| What you have to do |
Beginning with the line of the entries below that holds "5本指ソックス 秋冬におすすめウール混 かわいらしくてお洒落なウール混の5本指ソックスレディースサイズです!" and ending with the line that holds "Picking up Triple", transcribe each line exactly as written. Pictures stay out.

| Dataset |
:::::
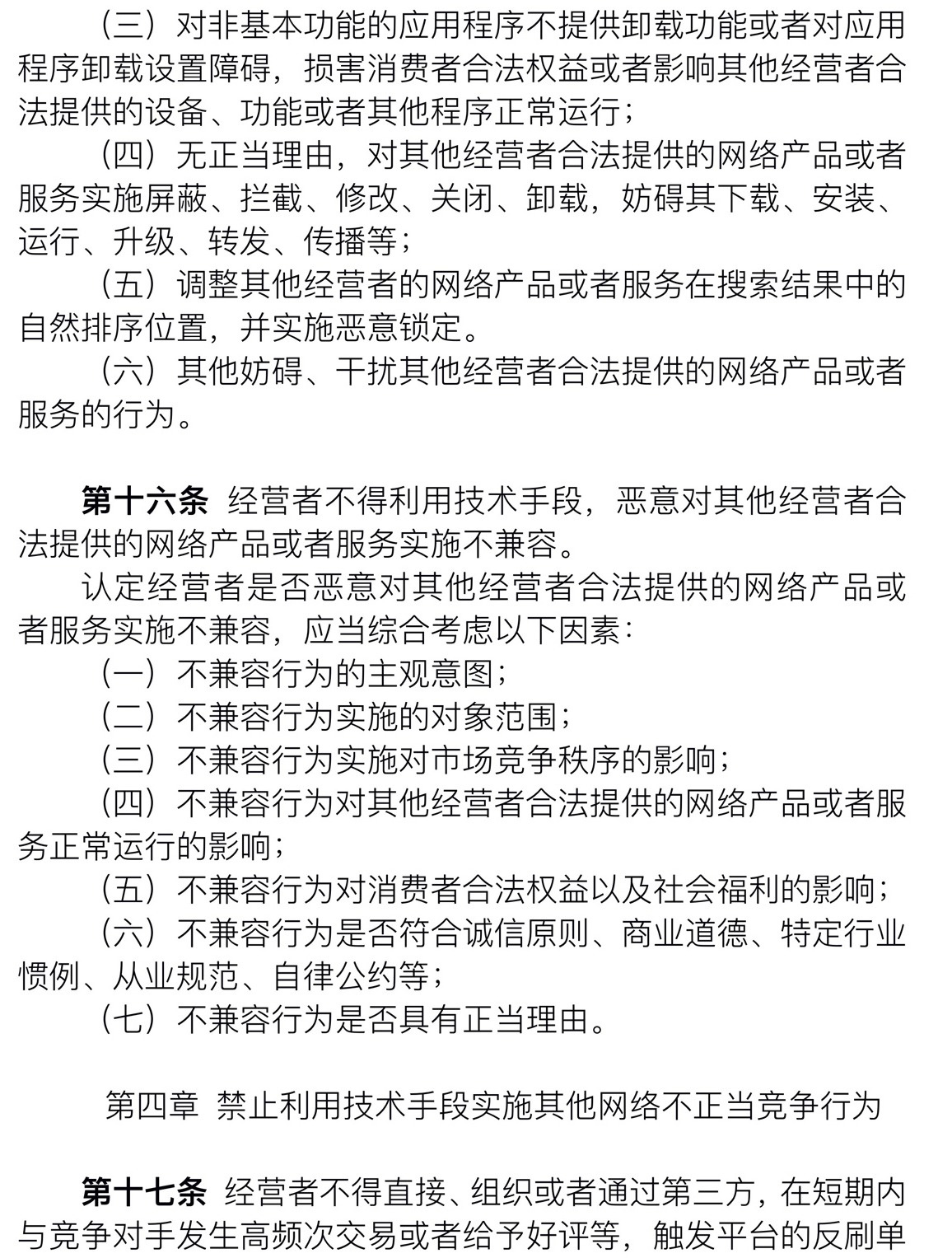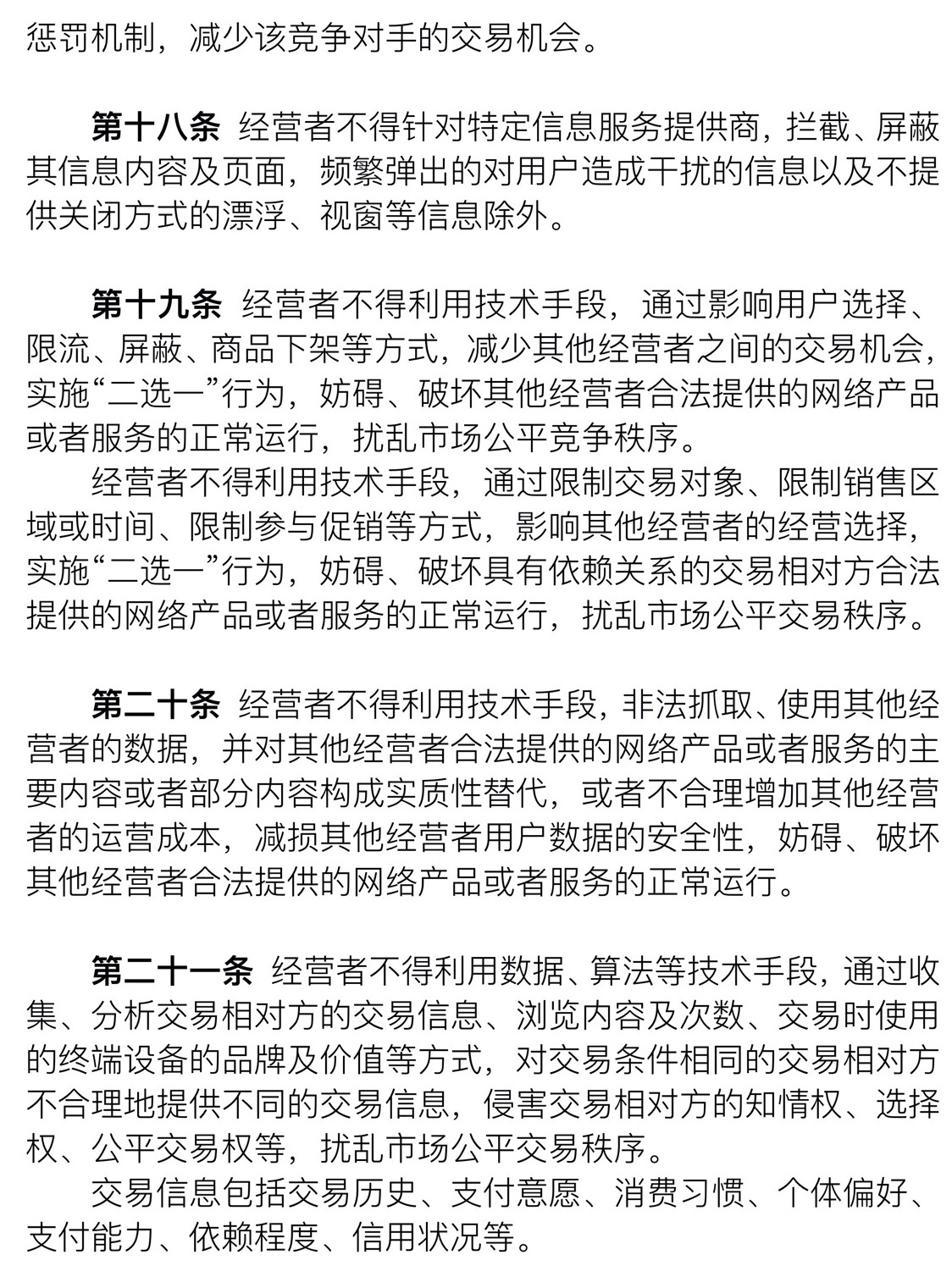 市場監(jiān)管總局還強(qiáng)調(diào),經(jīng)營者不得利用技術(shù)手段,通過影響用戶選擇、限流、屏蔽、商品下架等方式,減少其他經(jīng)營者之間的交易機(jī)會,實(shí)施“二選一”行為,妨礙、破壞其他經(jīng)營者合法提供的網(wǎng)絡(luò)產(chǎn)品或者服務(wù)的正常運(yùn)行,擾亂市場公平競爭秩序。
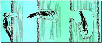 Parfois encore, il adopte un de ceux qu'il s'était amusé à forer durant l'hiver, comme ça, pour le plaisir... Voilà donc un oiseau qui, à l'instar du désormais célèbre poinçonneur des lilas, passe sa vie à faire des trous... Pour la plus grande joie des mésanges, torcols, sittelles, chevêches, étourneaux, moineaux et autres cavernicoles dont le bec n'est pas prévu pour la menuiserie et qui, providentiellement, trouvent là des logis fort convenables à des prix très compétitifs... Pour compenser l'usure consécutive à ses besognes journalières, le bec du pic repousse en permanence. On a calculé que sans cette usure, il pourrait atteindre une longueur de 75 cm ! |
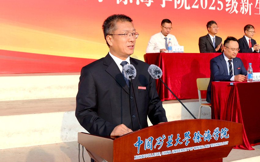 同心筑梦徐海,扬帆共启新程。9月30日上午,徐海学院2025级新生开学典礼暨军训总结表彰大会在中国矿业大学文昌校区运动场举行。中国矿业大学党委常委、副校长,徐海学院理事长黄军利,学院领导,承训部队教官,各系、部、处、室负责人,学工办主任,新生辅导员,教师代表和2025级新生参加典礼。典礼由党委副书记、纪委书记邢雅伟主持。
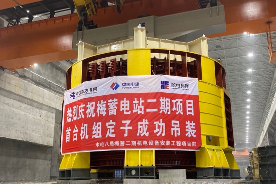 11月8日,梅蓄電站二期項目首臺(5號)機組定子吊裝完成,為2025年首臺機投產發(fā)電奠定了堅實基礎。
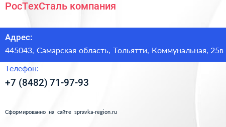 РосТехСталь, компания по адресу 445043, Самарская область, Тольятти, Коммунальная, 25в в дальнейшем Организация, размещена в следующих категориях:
:::::
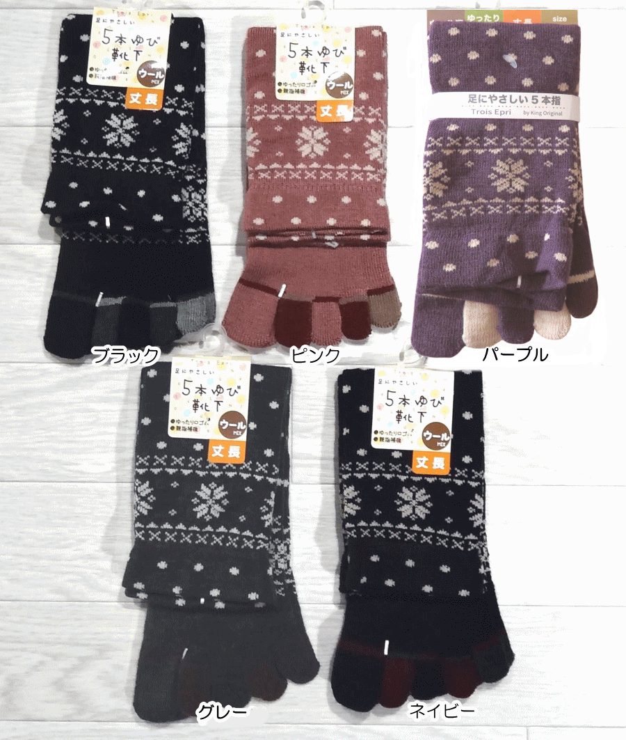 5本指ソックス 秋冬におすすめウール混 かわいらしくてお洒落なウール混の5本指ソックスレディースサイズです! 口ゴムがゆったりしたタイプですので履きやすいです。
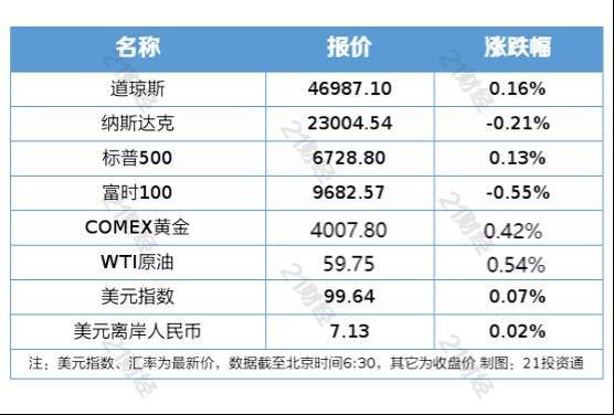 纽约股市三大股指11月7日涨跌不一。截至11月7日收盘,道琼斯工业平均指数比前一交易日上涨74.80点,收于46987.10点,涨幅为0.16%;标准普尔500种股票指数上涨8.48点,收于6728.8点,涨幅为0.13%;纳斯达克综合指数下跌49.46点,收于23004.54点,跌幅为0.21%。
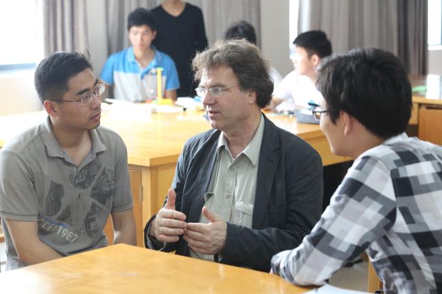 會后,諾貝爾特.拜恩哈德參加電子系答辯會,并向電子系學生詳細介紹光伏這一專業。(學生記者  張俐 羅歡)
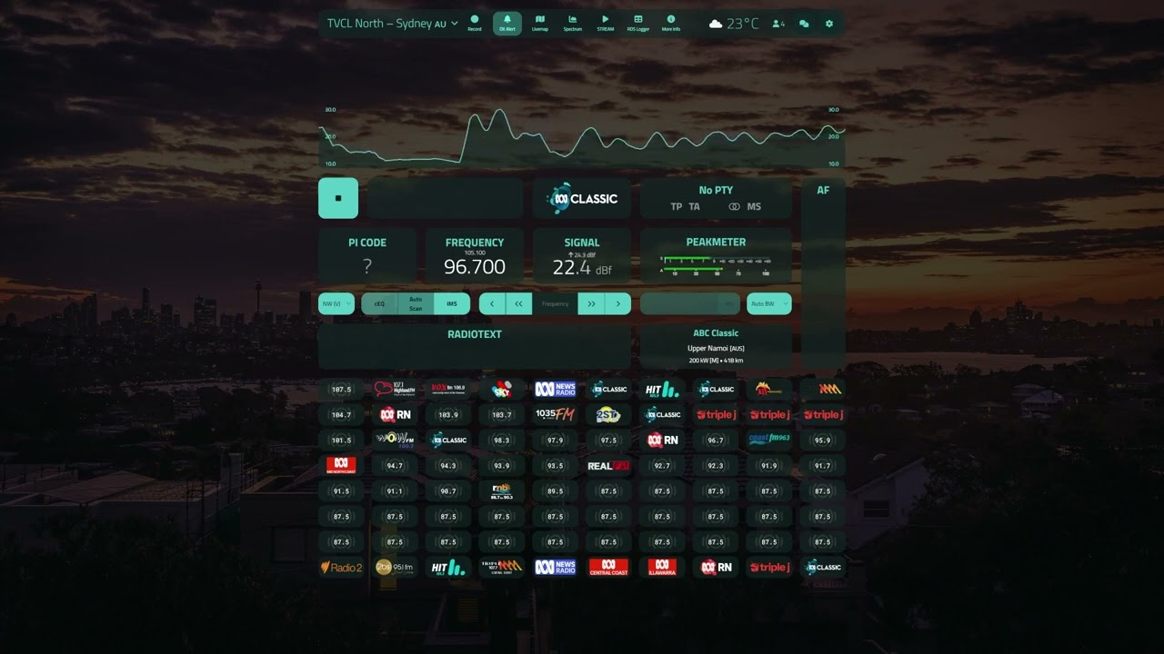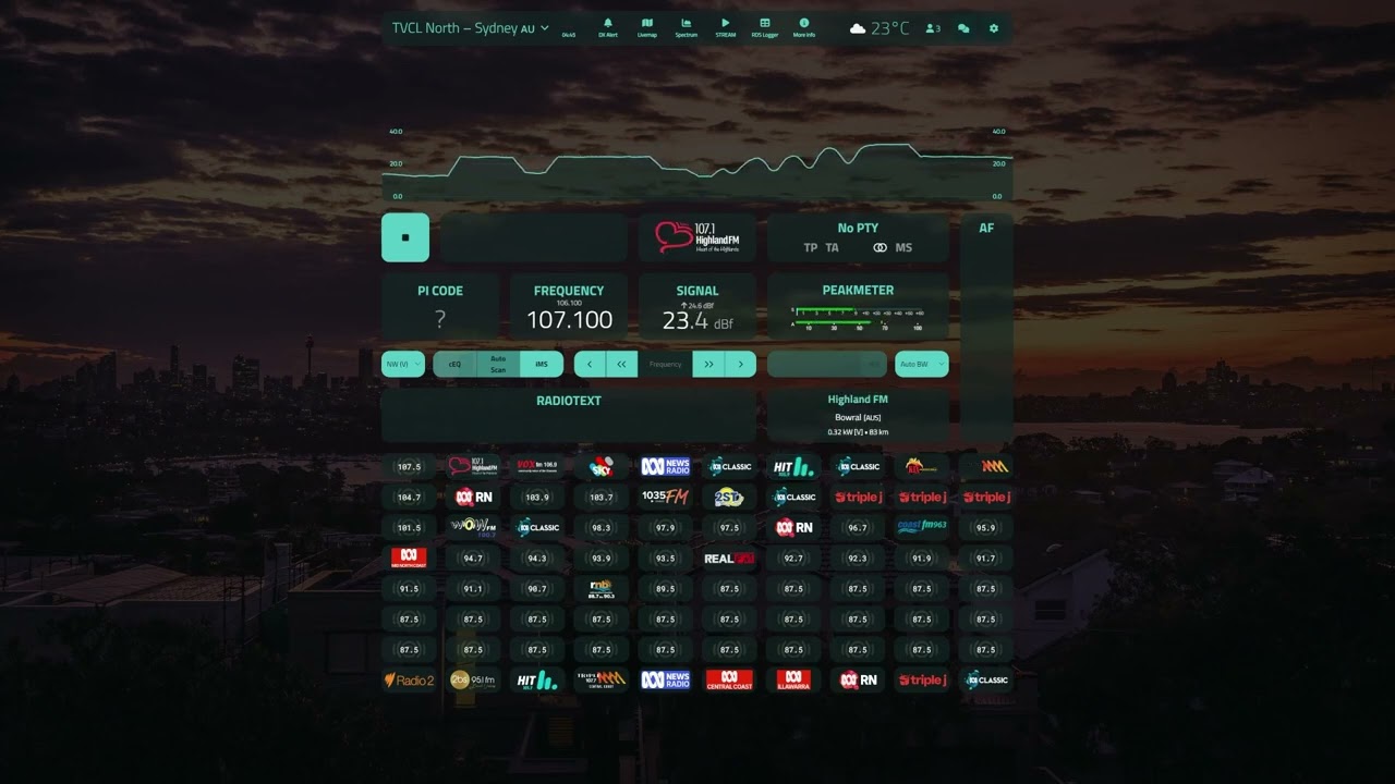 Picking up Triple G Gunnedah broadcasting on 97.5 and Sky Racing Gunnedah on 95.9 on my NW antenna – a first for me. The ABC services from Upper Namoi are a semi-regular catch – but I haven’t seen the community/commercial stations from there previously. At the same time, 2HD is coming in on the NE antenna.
:::::
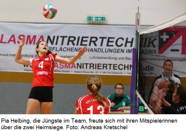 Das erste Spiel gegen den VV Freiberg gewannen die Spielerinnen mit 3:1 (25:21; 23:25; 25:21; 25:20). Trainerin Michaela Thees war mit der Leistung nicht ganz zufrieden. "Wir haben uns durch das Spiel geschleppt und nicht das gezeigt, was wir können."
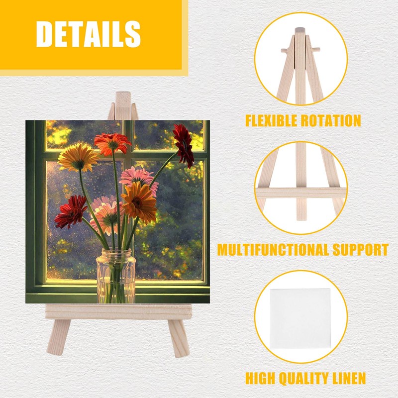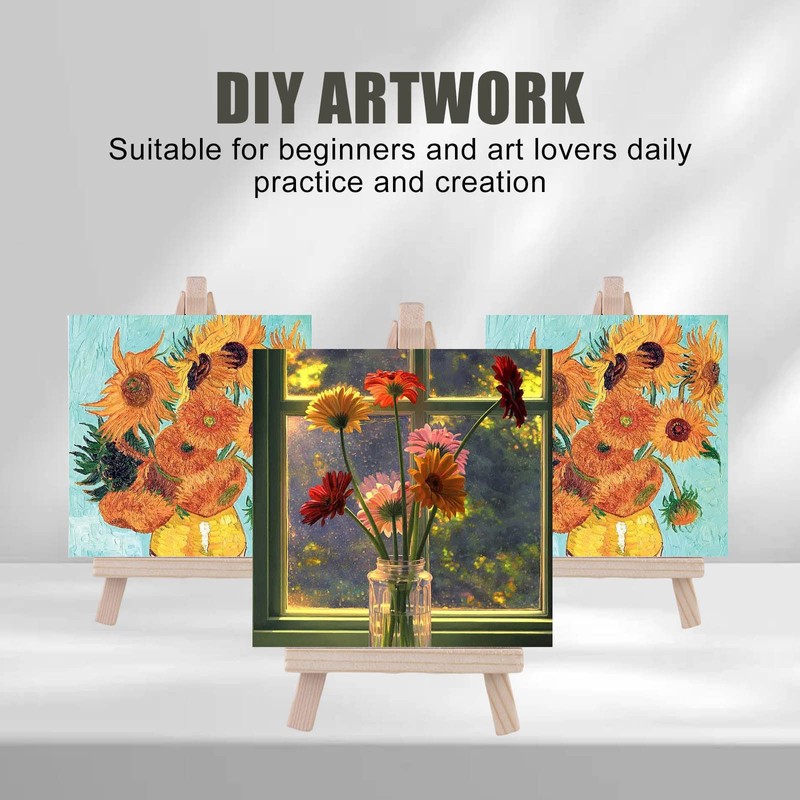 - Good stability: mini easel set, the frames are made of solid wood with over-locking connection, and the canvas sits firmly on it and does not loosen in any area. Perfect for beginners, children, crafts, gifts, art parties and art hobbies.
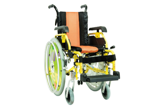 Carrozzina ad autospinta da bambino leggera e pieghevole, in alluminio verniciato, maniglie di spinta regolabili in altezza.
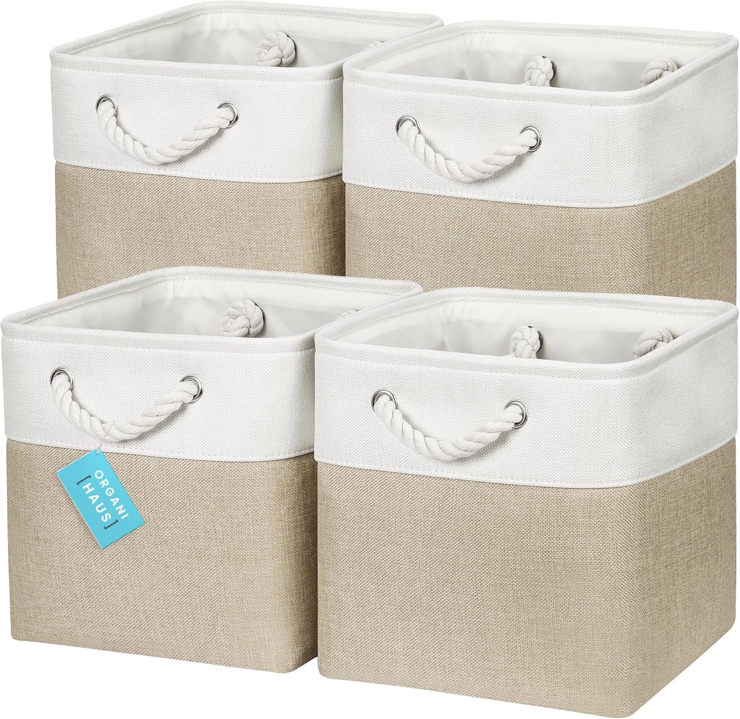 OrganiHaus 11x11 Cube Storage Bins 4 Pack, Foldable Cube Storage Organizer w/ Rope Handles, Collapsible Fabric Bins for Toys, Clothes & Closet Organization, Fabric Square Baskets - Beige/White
:::::
| Answer to this task |
 5本指ソックス 秋冬におすすめウール混 かわいらしくてお洒落なウール混の5本指ソックスレディースサイズです! 口ゴムがゆったりしたタイプですので履きやすいです。
 纽约股市三大股指11月7日涨跌不一。截至11月7日收盘,道琼斯工业平均指数比前一交易日上涨74.80点,收于46987.10点,涨幅为0.16%;标准普尔500种股票指数上涨8.48点,收于6728.8点,涨幅为0.13%;纳斯达克综合指数下跌49.46点,收于23004.54点,跌幅为0.21%。
 會后,諾貝爾特.拜恩哈德參加電子系答辯會,并向電子系學生詳細介紹光伏這一專業。(學生記者  張俐 羅歡)
 Picking up Triple G Gunnedah broadcasting on 97.5 and Sky Racing Gunnedah on 95.9 on my NW antenna – a first for me. The ABC services from Upper Namoi are a semi-regular catch – but I haven’t seen the community/commercial stations from there previously. At the same time, 2HD is coming in on the NE antenna.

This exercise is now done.